Much of the literature on the political economy of China’s market reforms in general has focused on the eastern, coastal regions, emphasizing the positive and negative roles played by exogenous factors, such as foreign direct investment (FDI) and export-led growth (Chen 2018). In this study, we examine instead electricity market developments in the northeastern and northwestern regions (see Fig. 1). This choice of observations for our market cases is driven by two considerations. First, we are particularly focused on barriers to regional and national market integration, for which laggard provinces embracing markets is a necessary condition, whereas foreign financial flows and foreign exports are less critical. This focus allows us to explore in depth the dynamic underlying barriers to classic market development.

Second, the handful of provinces that are further along in spot market development are highly non-representative of the rest of country along a number of important dimensions.Footnote 20 In contrast, the northeast and the northwest areas in our cases face significant local economic challenges that are representative of large swaths of China.

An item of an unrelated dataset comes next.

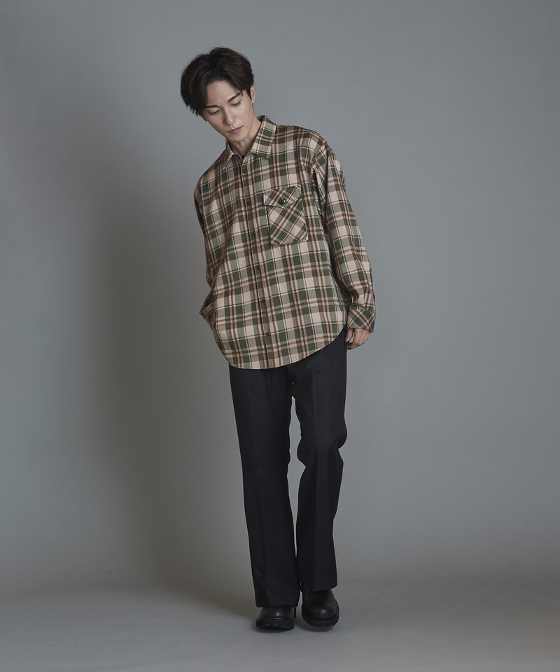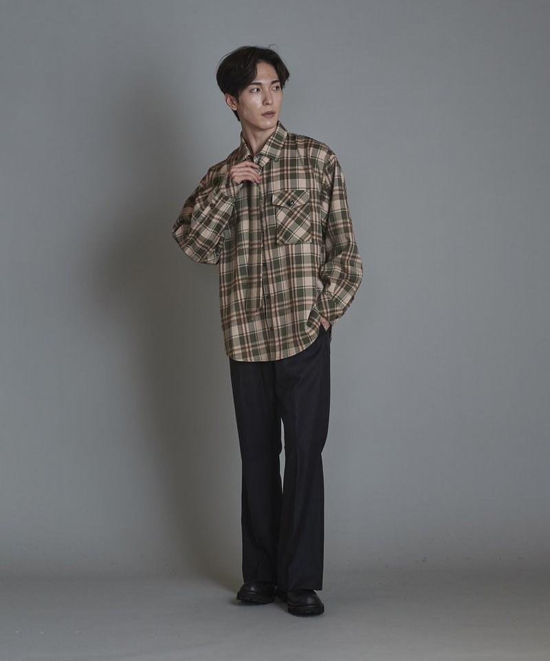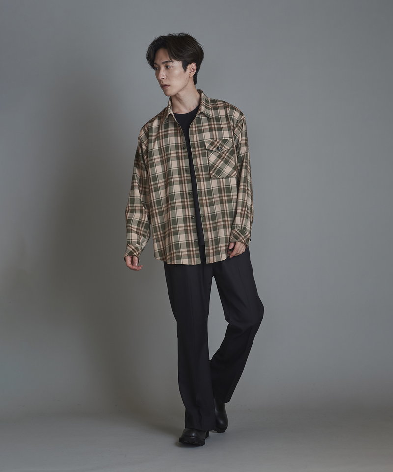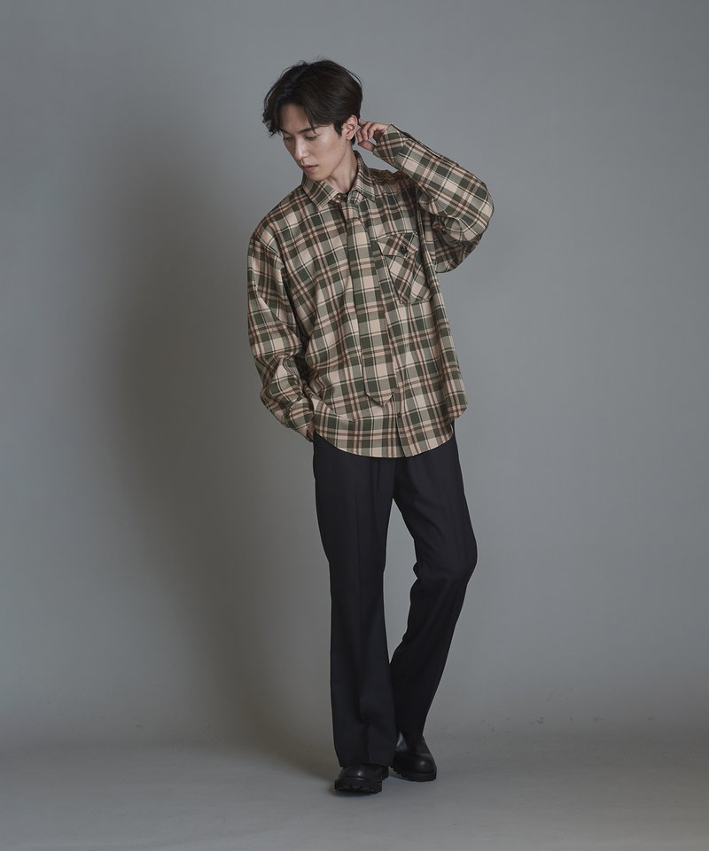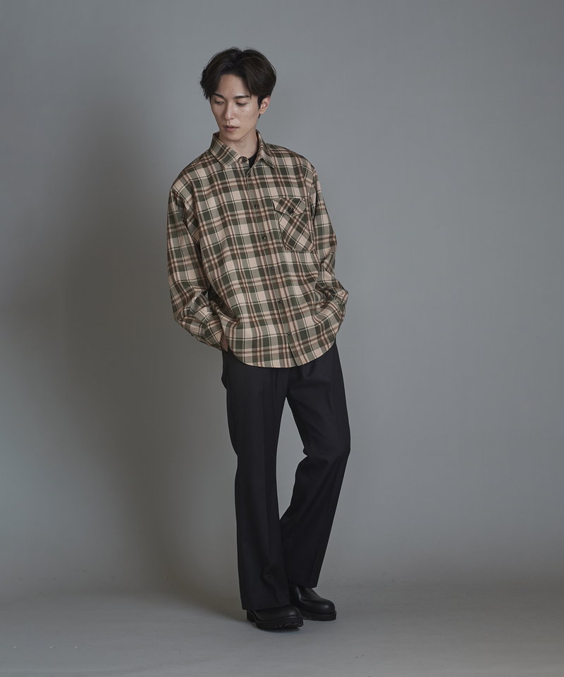 チェック柄も今まで選んだことのない淡いくすみ系のカラーを選びアース系カラーのコーディネートに調和の取れやすい展開。

The coal and mineral-rich northeastern region, consisting of Liaoning, Jilin and Heilongjiang provinces, was the site of early industrialization in China going back to the 1950s; however, it lost ground to other regions during the 1990s and has since failed to recover. Due to its plentiful coal deposits, 80% of installed generation capacity is coal-based (CEC 2017). The Northeast Grid—a regional subsidiary of State Grid—covers these northeast provinces, as well as the eastern part of Inner Mongolia.Footnote 21 The northwestern region, consisting of Xinjiang, Qinghai, Gansu, Ningxia and Shaanxi provinces, is more remote and early economic development primarily relied on exporting natural resources, including coal, to other provinces as well as developing hydropower potential along the Yellow River. Following the launch of the “Develop the West” campaign (xibu dakaifa | 西部大开发) in the 1990s to address regional disparities, northwestern provinces began to grow their own energy-intensive industries, rapidly scaling up local generation capacity and increasing exports to other provinces. It is in this context that the experiments we discuss in our three cases appear.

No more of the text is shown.